For each paper with an author from my institution, which of that paper's authors are from my institution?

Asked on the OpenAlex Community group:

Is there a way to find out which authors on a paper are from my institution? I downloaded a list of DOI’s from the website, and thought naively that I could look up the index of my institution (by ‘author_institution_ids’ or by ‘author_institution_names’) and then match that index to the list of authors. But soon found out that those indices don’t match because any author can have list multiple affiliations. Any ideas?

https://groups.google.com/g/openalex-community/c/T0OjBFXSIUg

I recently learned about https://semopenalex.org, which maps openalex data to RDF and thereby facililates graph-oriented queries using SPARQL.

Wanting to take the questioner’s institution as my constraining example, I determined via a search of their name that “Vrije Universiteit Amsterdam” was their institution.

Via the SemOpenAlex ontology explorer, I saw that <https://semopenalex.org/ontology/Institution> is the URI designating the class of institutions.

Via their SPARQL interface, I asked for any institution, so that I could see how names were expressed.

PREFIX soa: <https://semopenalex.org/ontology/>

SELECT ?inst WHERE {
  ?inst a soa:Institution .
} LIMIT 1

Got one, <https://semopenalex.org/institution/I28290843>. What triples (subject, predicate, object) is this the subject of?

SELECT ?p ?o WHERE {
  <https://semopenalex.org/institution/I28290843> ?p ?o .
}

Scrolling through a results table of 30 rows, I see “University of Surrey” as an object for the predicate <http://xmlns.com/foaf/0.1/name>, i.e. the name term from the fried-of-a-friend (FOAF) vocabulary. Okay, so that’s the predicate SemOpenAlex uses to connect an institution to a name. Now, let’s find “Vrije Universiteit Amsterdam”. Because there may not be an exact match, I’ll ask for institutions with names containing “Amsterdam”:

PREFIX foaf: <http://xmlns.com/foaf/0.1/>
PREFIX soa: <https://semopenalex.org/ontology/>

SELECT ?inst ?instName WHERE {
  ?inst a soa:Institution .
  ?inst foaf:name ?instName .
  FILTER(contains(?instName, "Amsterdam"))
}

Okay, I see that inst <https://semopenalex.org/institution/I865915315> has instName “Vrije Universiteit Amsterdam”, and none of the other results appear to be a duplicate of this. I’ve found the institution’s URI. I’ll confirm that I get a single result from the following:

PREFIX foaf: <http://xmlns.com/foaf/0.1/>
PREFIX soa: <https://semopenalex.org/ontology/>

SELECT ?inst ?instName WHERE {
  ?inst a soa:Institution .
  ?inst foaf:name ?instName .
  FILTER(?instName = "Vrije Universiteit Amsterdam")
}

I do. Great. Going back to the ontology explorer, I can see how the model connects institutions, authors, and works:

screenshot of model diagram
screenshot of model diagram

I see that SemOpenAlex records a Work as having any number of Authors as creators (via <http://purl.org/dc/terms/creator>). I also note that an Author is recorded as being a member of (<http://www.w3.org/ns/org#memberOf>) any number of Institutions.

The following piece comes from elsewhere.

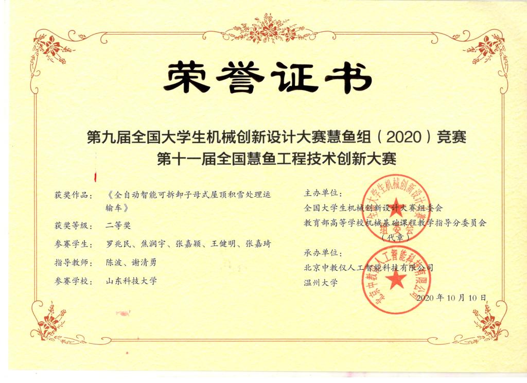 近日,第九届全国大学生机械创新设计大赛慧鱼组竞赛落下帷幕。437ccm·必赢国际积极组队参加比赛,并取得优异成绩。其中“全自动智能可拆卸子母式屋顶积雪处理运输车”(参赛学生:罗兆民、焦润宇、张嘉颖、王健明、张嘉琦 ,指导老师:陈波、谢清勇)获得国家二等奖,“‘分类精灵’字母式物联网智能垃圾箱”(参赛学生:王帅、焦润宇、罗兆民、王健明、步宇,指导老师:陈波、李保银)、“智能伸缩式阶梯型助老爬楼椅”(参赛学生:王健明、罗兆民、王安航、袁忠阳、王庆杰, 指导老师:陈波、刘秀杰)两个项目获得国家三等奖。
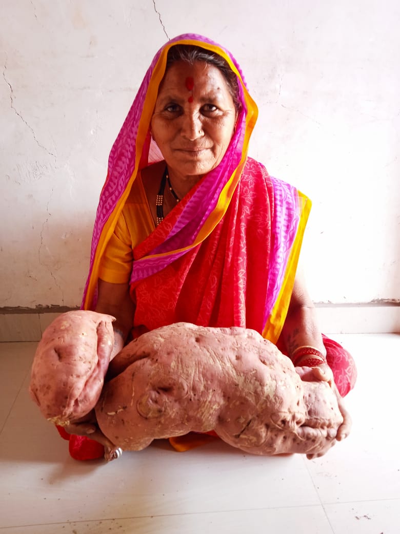 मागील वर्षीच्या खरिपात कांदापीक लावले होते. त्या पिकाच्या कडेला हिराबाई यांनी जमिनीपासून एक फूट उंचीवर एक बांध घातला. जो बांध पूर्ण मुरमाड आहे. तेथे रताळ्याचा वेल लावला होता. जेथे आता तीन चार महिन्यापासून कोणतेही पीक नाही. त्यामुळे तेथे पाणी देण्याचा प्रश्नच नसतांना. त्या एकाच रताळ्याच्या वेलाला जमिनीत सात किलोवजनाचे एकच रताळे (कंद) कोणत्याही प्रकारचे खत, औषध किंवा चार महिन्यापासून पाणी सुद्धा नसतांना मिळाले आहे.

So here’s what I end up with:

PREFIX foaf: <http://xmlns.com/foaf/0.1/>
PREFIX dcterms: <http://purl.org/dc/terms/>
PREFIX org: <http://www.w3.org/ns/org#>
PREFIX soa: <https://semopenalex.org/ontology/>

SELECT ?work (GROUP_CONCAT(?author) as ?authors) WHERE {
  ?inst a soa:Institution .
  ?inst foaf:name ?instName .
  FILTER(?instName = "Vrije Universiteit Amsterdam")
  ?author org:memberOf ?inst .
  ?work dcterms:creator ?author .
}
GROUP BY ?work

This query retrieves works authored by at least one author that is also a member of the institution, and lists all member-of-the-institution authors for each work. As of 2024-04-18, this is 182,498 works, and the query executes in under 5 s.